[Saved entries]
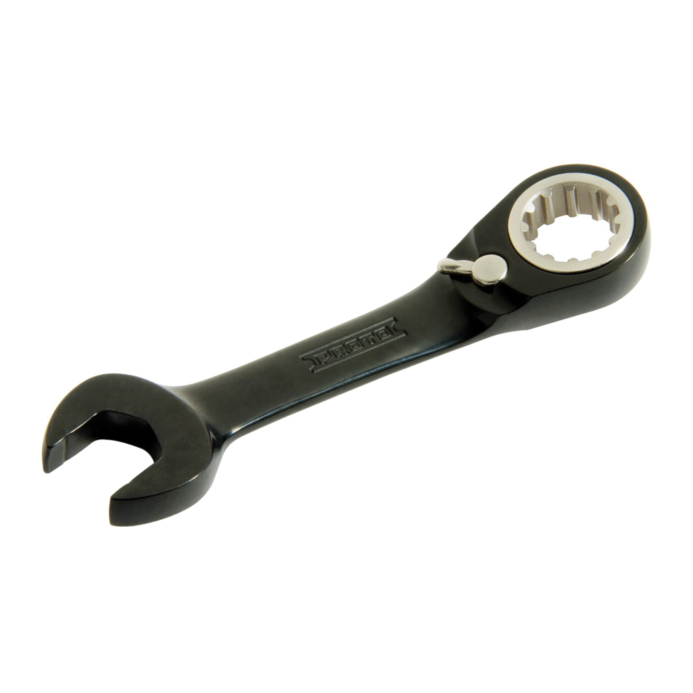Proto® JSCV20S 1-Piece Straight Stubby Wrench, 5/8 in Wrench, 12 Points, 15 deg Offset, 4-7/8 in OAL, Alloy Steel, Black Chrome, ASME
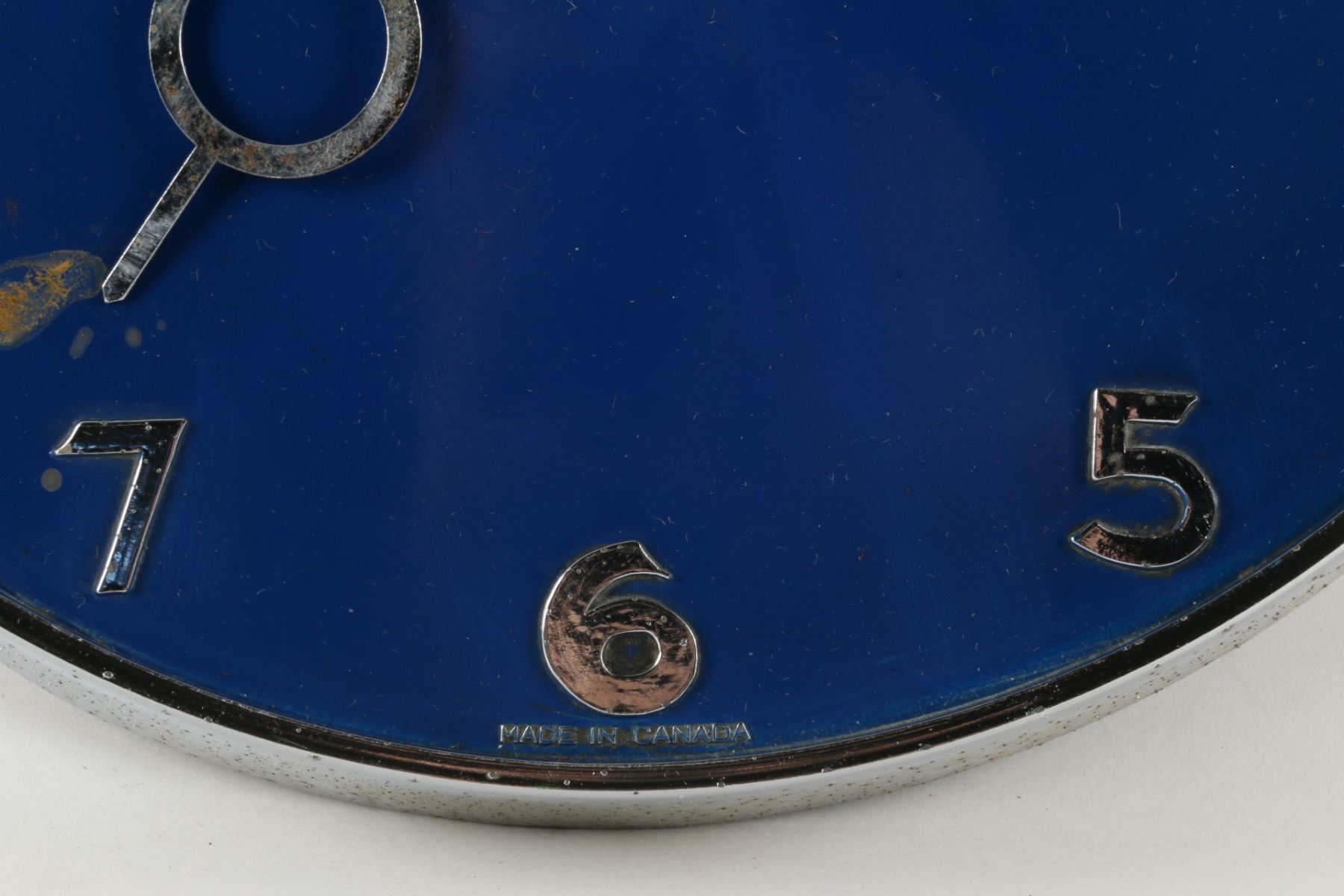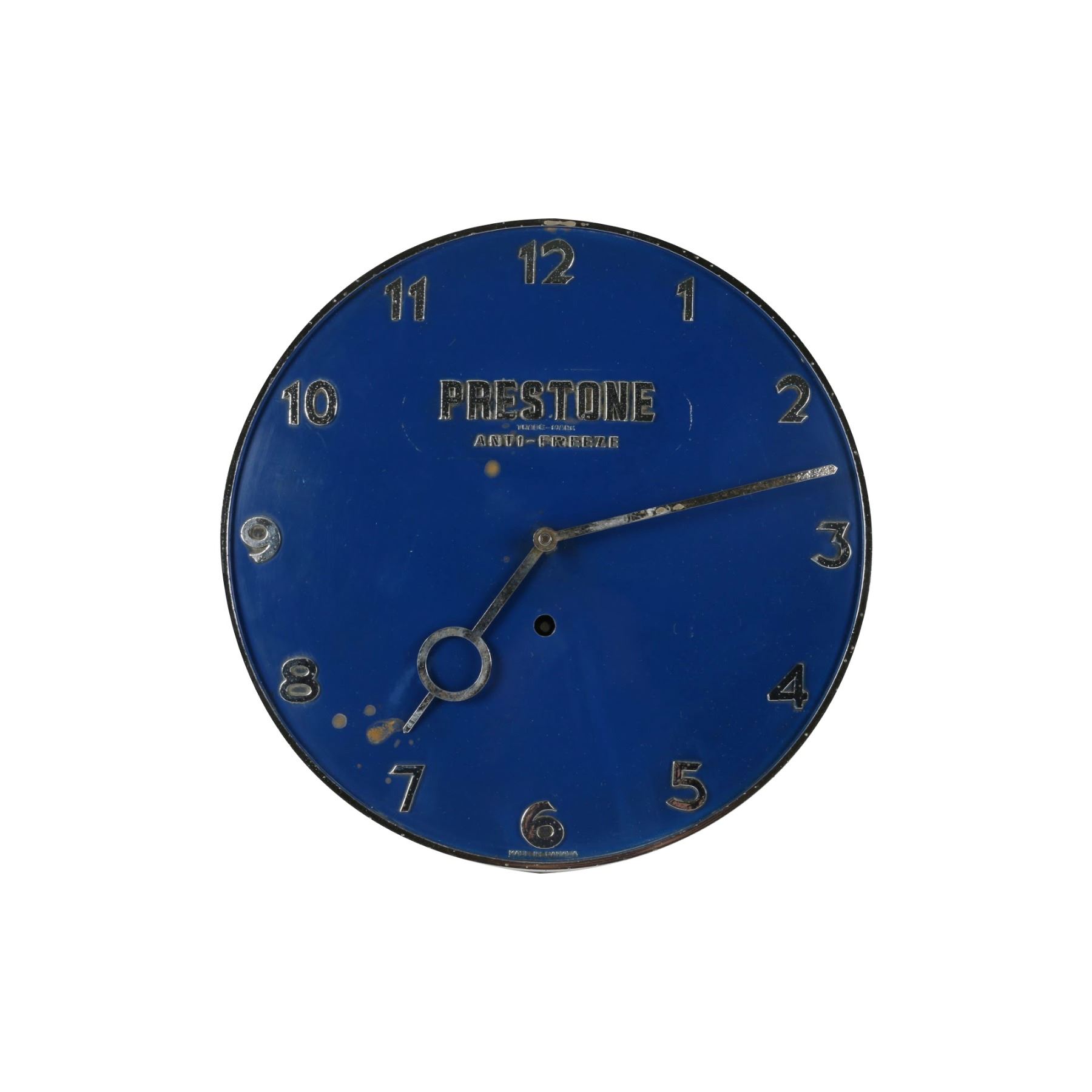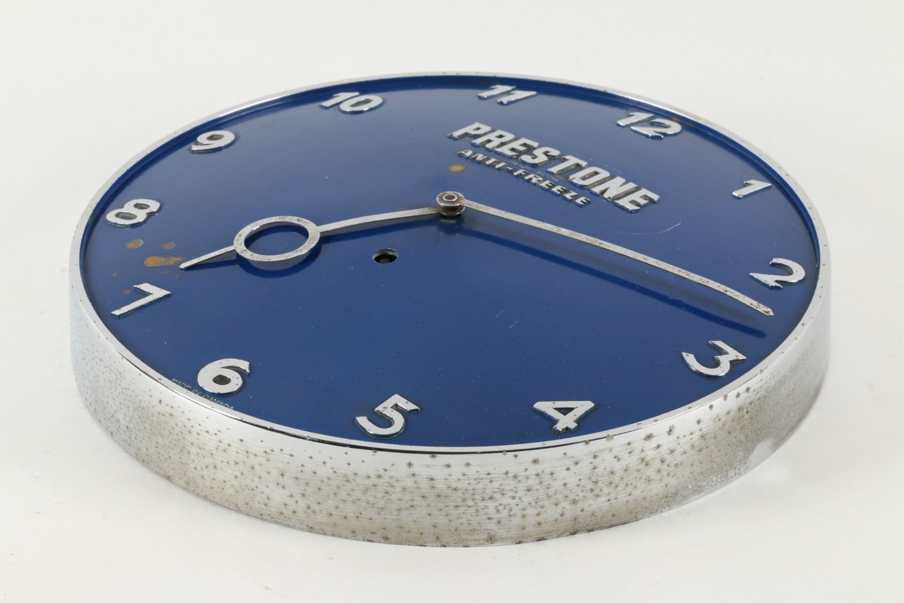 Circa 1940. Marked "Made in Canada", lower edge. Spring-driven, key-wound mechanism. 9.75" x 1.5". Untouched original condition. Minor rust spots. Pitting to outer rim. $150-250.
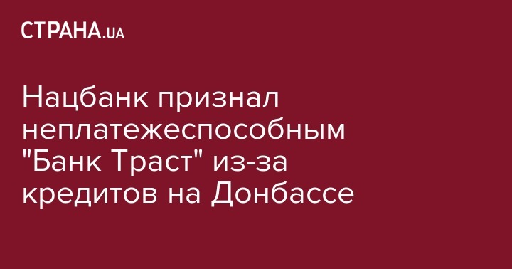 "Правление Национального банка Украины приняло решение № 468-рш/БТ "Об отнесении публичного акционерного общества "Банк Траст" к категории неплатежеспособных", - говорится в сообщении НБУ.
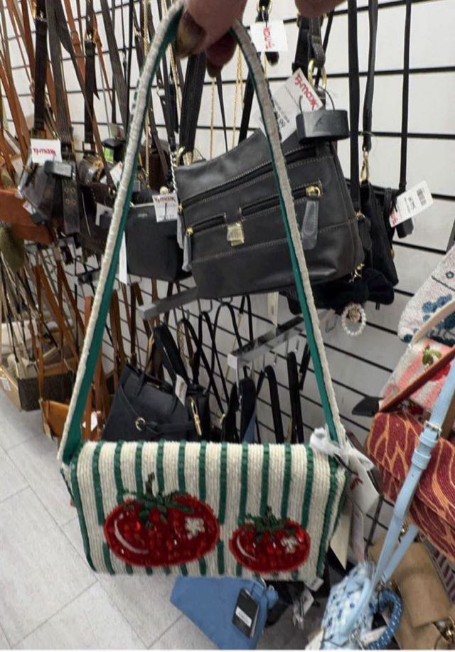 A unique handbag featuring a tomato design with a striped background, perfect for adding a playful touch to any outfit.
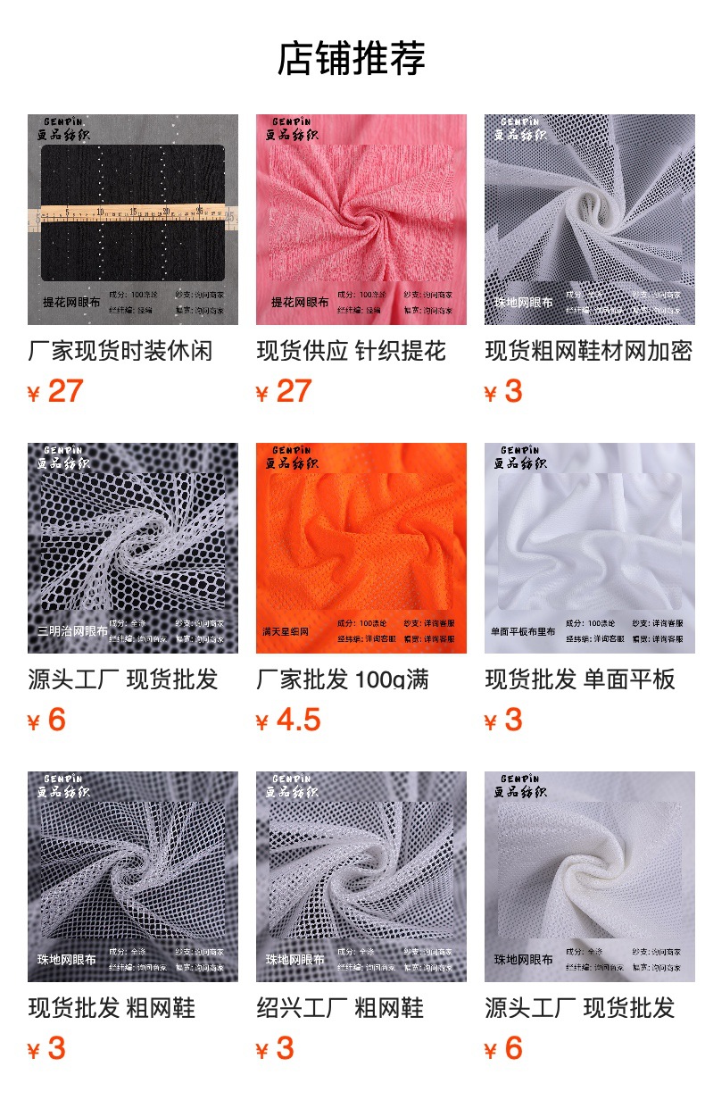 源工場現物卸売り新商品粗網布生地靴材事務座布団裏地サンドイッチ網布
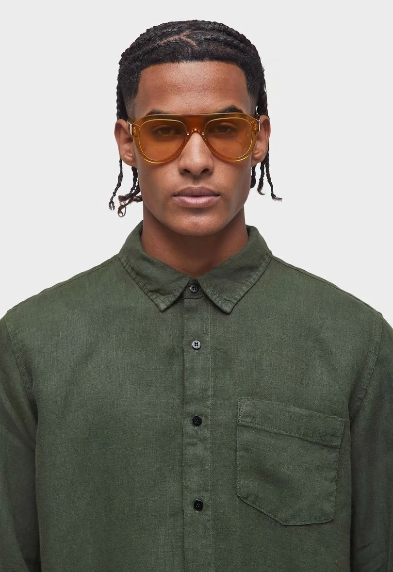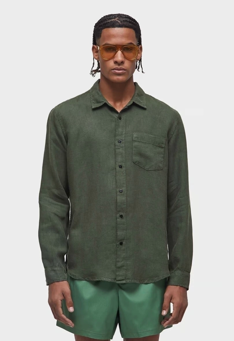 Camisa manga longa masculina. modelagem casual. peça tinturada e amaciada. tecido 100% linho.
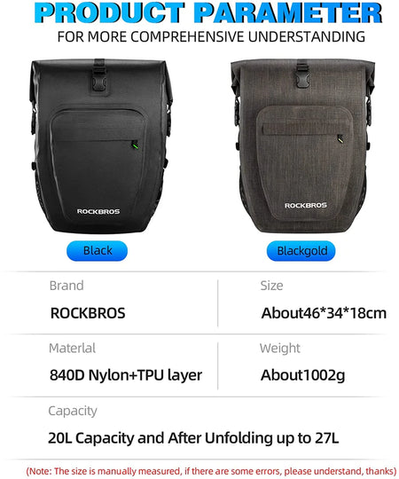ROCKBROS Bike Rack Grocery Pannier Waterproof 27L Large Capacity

TASK DESCRIPTION:
When copying the data above, repeat every word exactly and drop the pictures.

RESULT OF THIS TASK:
Proto® JSCV20S 1-Piece Straight Stubby Wrench, 5/8 in Wrench, 12 Points, 15 deg Offset, 4-7/8 in OAL, Alloy Steel, Black Chrome, ASME
 Circa 1940. Marked "Made in Canada", lower edge. Spring-driven, key-wound mechanism. 9.75" x 1.5". Untouched original condition. Minor rust spots. Pitting to outer rim. $150-250.
 "Правление Национального банка Украины приняло решение № 468-рш/БТ "Об отнесении публичного акционерного общества "Банк Траст" к категории неплатежеспособных", - говорится в сообщении НБУ.
 A unique handbag featuring a tomato design with a striped background, perfect for adding a playful touch to any outfit.
 源工場現物卸売り新商品粗網布生地靴材事務座布団裏地サンドイッチ網布
 Camisa manga longa masculina. modelagem casual. peça tinturada e amaciada. tecido 100% linho.
ROCKBROS Bike Rack Grocery Pannier Waterproof 27L Large Capacity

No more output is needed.